**Given information**
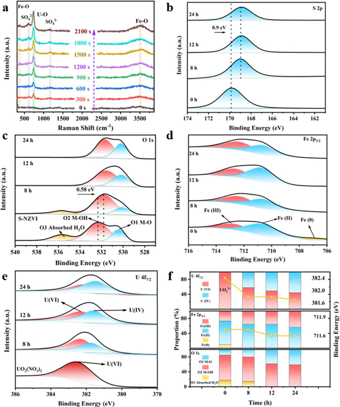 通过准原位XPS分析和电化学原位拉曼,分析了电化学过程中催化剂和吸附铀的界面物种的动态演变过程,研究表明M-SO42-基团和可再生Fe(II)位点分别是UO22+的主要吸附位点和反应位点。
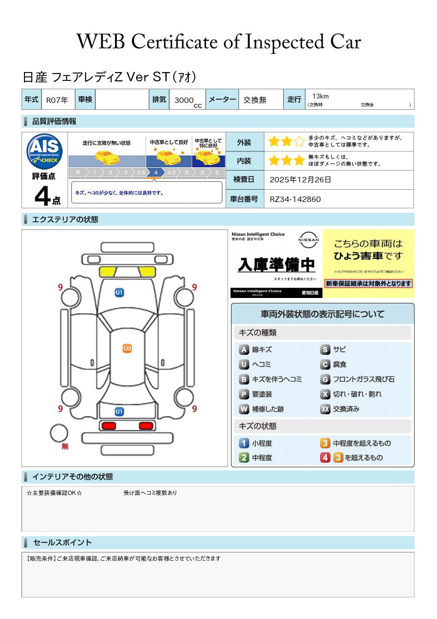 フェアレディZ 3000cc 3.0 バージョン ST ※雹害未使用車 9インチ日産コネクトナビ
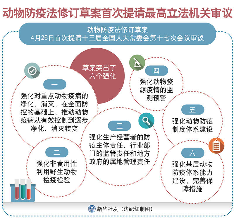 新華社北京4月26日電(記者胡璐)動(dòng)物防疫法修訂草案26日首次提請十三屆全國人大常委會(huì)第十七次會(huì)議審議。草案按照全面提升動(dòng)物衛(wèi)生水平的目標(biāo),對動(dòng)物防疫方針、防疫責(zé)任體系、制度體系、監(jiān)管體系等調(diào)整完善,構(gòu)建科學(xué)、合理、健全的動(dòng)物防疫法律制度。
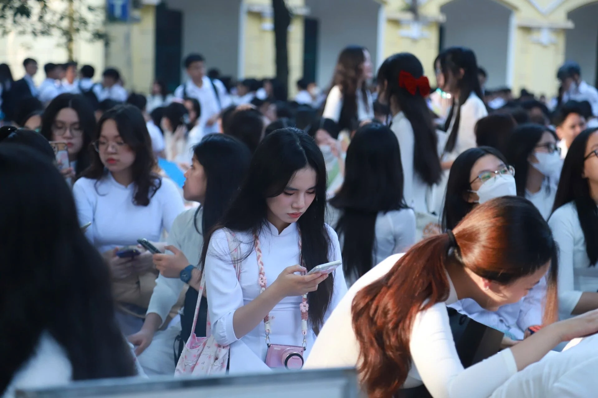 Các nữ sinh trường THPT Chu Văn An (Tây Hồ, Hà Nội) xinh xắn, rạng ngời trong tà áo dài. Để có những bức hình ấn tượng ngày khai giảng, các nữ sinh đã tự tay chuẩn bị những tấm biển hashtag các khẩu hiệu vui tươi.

**Task description**
Repeat exactly the lines from the one containing "フェアレディZ 3000cc 3.0" to the last line of the data above, both included, and write no pictures into the copy.

**Solution for this problem**
 フェアレディZ 3000cc 3.0 バージョン ST ※雹害未使用車 9インチ日産コネクトナビ
 新華社北京4月26日電(記者胡璐)動(dòng)物防疫法修訂草案26日首次提請十三屆全國人大常委會(huì)第十七次會(huì)議審議。草案按照全面提升動(dòng)物衛(wèi)生水平的目標(biāo),對動(dòng)物防疫方針、防疫責(zé)任體系、制度體系、監(jiān)管體系等調(diào)整完善,構(gòu)建科學(xué)、合理、健全的動(dòng)物防疫法律制度。
 Các nữ sinh trường THPT Chu Văn An (Tây Hồ, Hà Nội) xinh xắn, rạng ngời trong tà áo dài. Để có những bức hình ấn tượng ngày khai giảng, các nữ sinh đã tự tay chuẩn bị những tấm biển hashtag các khẩu hiệu vui tươi.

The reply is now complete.